Maison en pierre de montagne
Des trois assassins de la vallée de Youli, l'un fut touché par une flèche, un autre reçut un coup d'épée à la poitrine de la part de Feng Yangxi, et Yingyu fut le moins blessé. Bien que la capitale fût sous loi martiale, il ne leur serait pas difficile de trouver un passage isolé des remparts et de l'escalader.
Une fois hors de Kyoto, Yingyu déclara d'une voix grave : « Le Maître de la Vallée a décrété qu'à compter de cet instant, l'intendant Li n'est plus membre de la Vallée Errante. J'espère que vous en tiendrez compte. »
« C’est déjà une exception que le Maître de la Vallée ne m’ait pas tué. » L’expression de Li Yannian était indifférente, froide, comme la pluie et la brume qui passaient à cet instant.
« Le Maître de la Vallée a dit que votre femme vous aime profondément et qu'elle aura des enfants. Il espère que vous renoncerez à votre obsession et que vous vivrez une vie heureuse désormais. » Incapable de lire son expression, Ying Yu songea à la fin tragique de son plan de vengeance, mûri depuis plus de vingt ans, et à la mort de son fils. Une lueur de compassion traversa son regard, et il baissa tristement la tête.
Le regard de Li Yannian restait fixé sur la faible lueur rouge à l'horizon, là où le Palais de l'Est avait pris feu. Dans l'obscurité, la couleur paraissait particulièrement sinistre, comme l'enfer lui-même. Oui, cet endroit était l'enfer, et pourtant, le feu brûlait en lui. Qui avait dit qu'il fallait descendre aux enfers pour endurer les tourments du purgatoire
? Li Yannian soupira avec indifférence
: «
Qu'il en soit ainsi. Chacun suit son propre chemin. Si nous avions su que Li Gu lancerait une attaque soudaine aujourd'hui, nous aurions peut-être dû agir hier pour éliminer l'empereur Yujia. Le succès ou l'échec ne sont qu'un instant fugace
; le monde est imprévisible, et la frontière entre la victoire et la défaite est ténue.
»
Tous trois l'observaient en silence. Li Yannian, qui s'était frayé un chemin hors de la tour de la vallée et qui avait jadis été arrogant et puissant, avait maintenant été abandonné par la vallée de Youli, et lui-même était passé d'un enfant à un assassin de premier ordre.
La scène où ils tremblaient devant Li Yannian semblait si proche, et tous trois étaient sans voix, accablés de tristesse.
Yingyu esquissa un sourire forcé et dit : « Intendant, le Maître de la Vallée nous a ordonné de ramener Xinghun ! »
Est-elle si importante ? Li Yannian les regarda d'un air interrogateur, puis dit calmement : « Xinghun est à Yishan. À quoi peut-il bien servir au Maître de la Vallée ? »

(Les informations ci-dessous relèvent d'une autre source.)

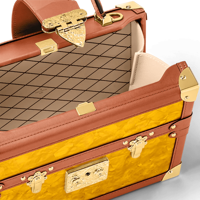- Inside Monogram flat clutch with zip closure attached with a gold-color chain

« Ce n’est pas une question que vous devriez poser », répondit simplement Plume d’Aigle. Il ne faisait qu’obéir aux ordres ; il n’en savait pas plus.
Li Yannian ne dit rien et se dirigea vers Yishan.

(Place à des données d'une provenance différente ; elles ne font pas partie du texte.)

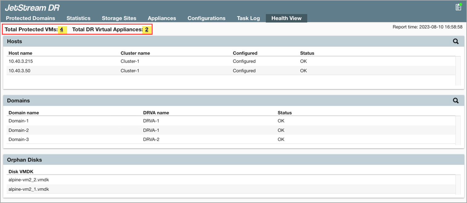 The top of the Health View screen indicates the number of protected VMs and configured DRVAs currently being handled by the system.
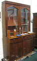 Irish Georgian mahogany two-door library bookcase, with arched glazed doors over drawers and cupboards, date circa 1850, 56" wide x 90" high
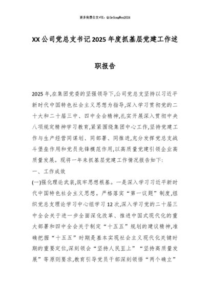 【七哥公文】2026年:XX公司党总支书记2025年度抓基层党建工作述职报告_副本+更多免费公文+VX:QiGeGongWen2024

La sombre forêt de montagne était d'un silence inquiétant. Arrivés au ruisseau, Li Yannian s'arrêta et dit
: «
Ils sont blessés. Qu'ils boivent et se reposent avant de repartir. Nous arriverons à l'aube.
»
Les trois s'assirent, et Yingyu remarqua qu'ils avaient l'air fatigués ; il prit donc la gourde et alla chercher de l'eau au ruisseau.
À cet instant, la main de Li Yannian trembla et il projeta sur eux trois un nuage de fumée mêlé de quelques lueurs froides.
L'attaque fut soudaine
; personne ne s'attendait à ce qu'il ose frapper. Les deux assassins, déjà blessés, furent instantanément touchés à des points vitaux. Seul Ying Yu, faisant instinctivement un saut périlleux arrière, déjà atteint dans le dos par plusieurs armes dissimulées, ne s'engagea pas dans un combat prolongé avec Li Yannian, mais sauta dans le ruisseau et disparut en un clin d'œil.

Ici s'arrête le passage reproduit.